Figure 3. Predictable genetic timer networks constructed from two promoter libraries

TetR- and LacI-regulated promoter libraries were used to construct a mutually-repressive gene network that acts as a predictable timer. (A) Schematic of the timer network; P_{LibL =} LacI-regulated promoter library, P_LX = LacI-regulated control promoter, and P_LibT = TetR-regulated promoter library. (B) In silico model of the network fitted to TX-LX experimental data (Supplementary Fig. 4) shows yEGFP expression changing over time after ATc induction is removed at time 0. Yeast cells with the TX-LX network genomically-integrated were grown for 36 hours with 250 ng/ml ATc to induce the network, washed three times and monitored starting from time 0 until the expression state reset to a maximum. Normalized yEGFP output (red circles), which was calculated from flow cytometry measurements taken every 12 hours, matches the model output (green lines) well. Both upper and lower bound of model fittings are plotted (details in Supplementary Information). (C,D,E,F) Median yEGFP expression (red circles) was measured by flow cytometry every 12 hours for four different promoter combinations (T18-LX, T4-LX, T7-L18 and TX-L14). Cultures were induced and treated the same as in (B). Blue lines are model predictions based on parameters inferred from (B). Lower and upper bounds use the parameters corresponding to lower and upper bounds in (B). (G) The relationship between the reset time and the ratio for all of its values is plotted. Lower and upper bounds use the parameters corresponding to lower and upper bounds in (B). The reset time can be approximated as T = C₁ + C₂/√(|r-C₃|), where T = reset time, C₁ = basal reset time, C₂ = scale factor and C₃ = bifurcation ratio (details in Supplementary Information).
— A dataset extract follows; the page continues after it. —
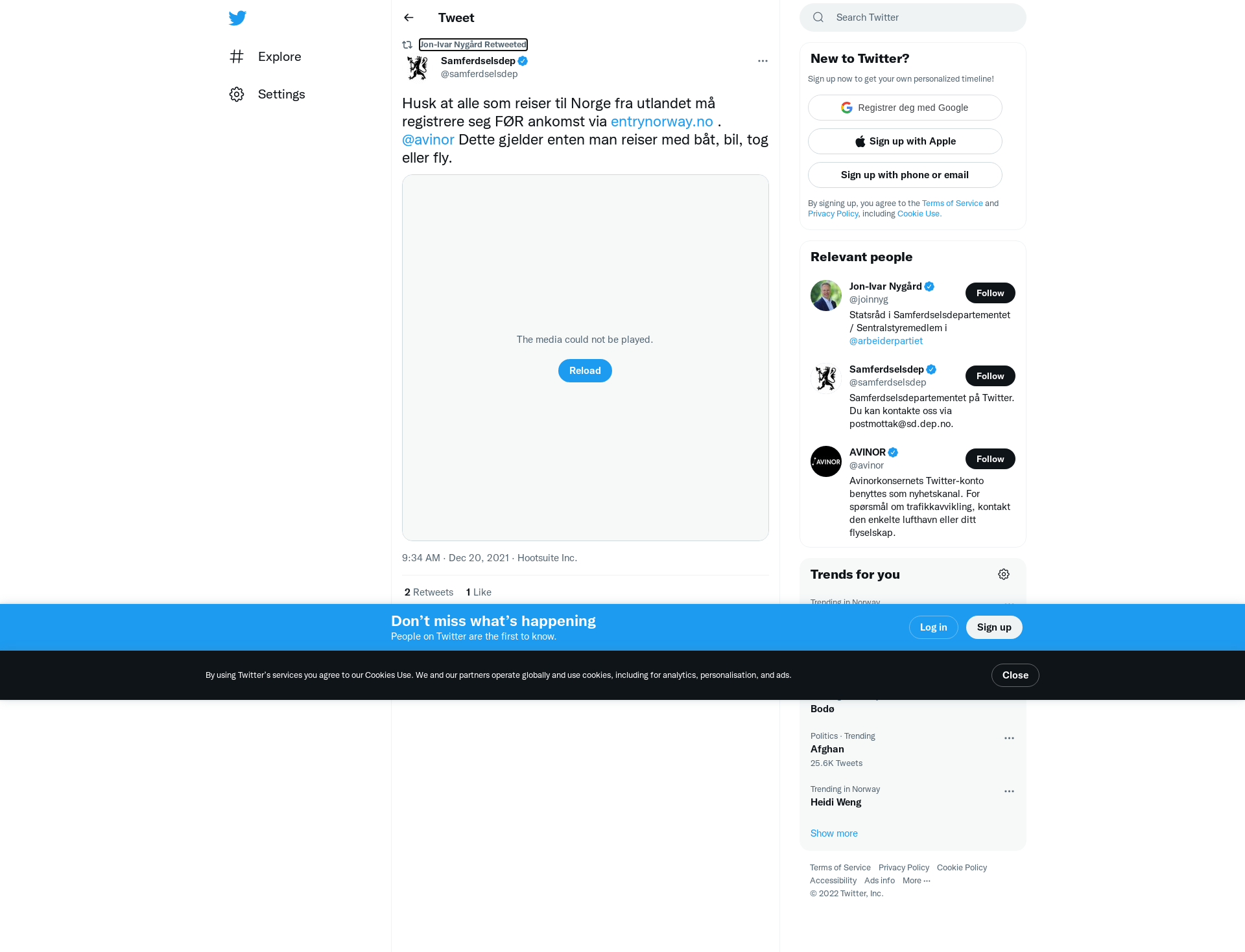 RT @samferdselsdep: Husk at alle som reiser til Norge fra utlandet må registrere seg FØR ankomst via https://t.co/KjSx95l6On . @avinor Dette gjelder enten man reiser med båt, bil, tog eller fly. https://t.co/WmO88PU9Oc

Figure 4. Controlling the timing of yeast sedimentation using a predictable gene network

The synthetic networks tested in Figure 3B,E,F were used to control the timing of yeast sedimentation caused by flocculation. (A) Schematic of flocculation gene networks. Flocculation is regulated by replacing yEGFP and P_LX in the gene network shown in Figure 3A with FLO1 under the control of the L7 promoter (P_L7). (B) Rescaled yEGFP data from Figure 3B,E,F were used to project temporal FLO1 expression levels and predict the timing of cell sedimentation due to flocculation (details in Supplementary Information). (C) The timing of sedimentation from the three synthetic networks. Cultures induced by growth with 250 ng/ml ATc for 36 hours were washed twice and grown at high OD₆₀₀ with shaking and diluted into fresh media every 12 hours, until sedimentation cleared the suspension. Images shown here are 1ml cultures at 12 hour intervals, 10 minutes after brief vortexing. Controls: - = growth in 10 mM IPTG, + = growth in 250 ng/ml ATc.